To Haay-maas and others familiar with Indigenous resource management, First Nations’ millennia-long track record speaks for itself. And given their holistic understanding of the ecological threads connecting everything from the mountaintops to the seafloor, Indigenous elders have long advocated to extend the protections of the Great Bear Rainforest out to sea. Yet until recently, Fisheries and Oceans Canada (DFO)—the federal agency that oversees marine species—balked at letting First Nations make decisions.

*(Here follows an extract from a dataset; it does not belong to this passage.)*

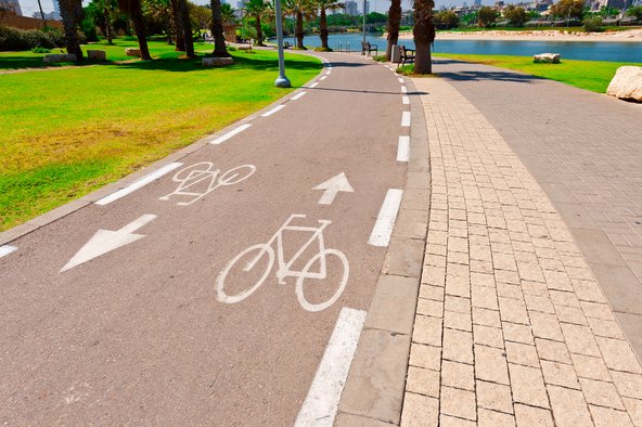 שביל אופניים בתל אביב. סלילת שבילי אופניים היא אחת הדרכים שעיריות נוקטות כדי להפחית את עומס התנועה והזיהום

In the early 2000s, around the same time that First Nations were working with the B.C. government to more cooperatively manage terrestrial resources, Indigenous fishers on the Central Coast began noticing they were pulling up only around one-quarter of the crabs they used to catch. Kitasoo Xai’xais, along with three neighboring First Nations—Heiltsuk, Wuikinuxv, and Nuxalk—petitioned the federal government to close some areas to commercial and recreational crabbing to preserve their traditional food, social, and ceremonial rights, which are enshrined in Canada’s constitution. DFO denied the request.

So in 2014, the four nations embarked on a joint study to try to make their case. Using DFO’s own methods, they compared 10 bays and channels that First Nations had closed to nontraditional uses under their own authority—which wasn’t recognized by the federal government but was mostly respected by commercial and recreational fishers—against 10 bays left open to all kinds of fishing. Unsurprisingly, more adult male crabs were found at closed sites than at open ones. But because the results didn’t necessarily prove that crab shortages were affecting First Nations’ ability to feed themselves, the group then had to commission a research team to interview 38 Indigenous crabbers about current and historical catches as well as household needs.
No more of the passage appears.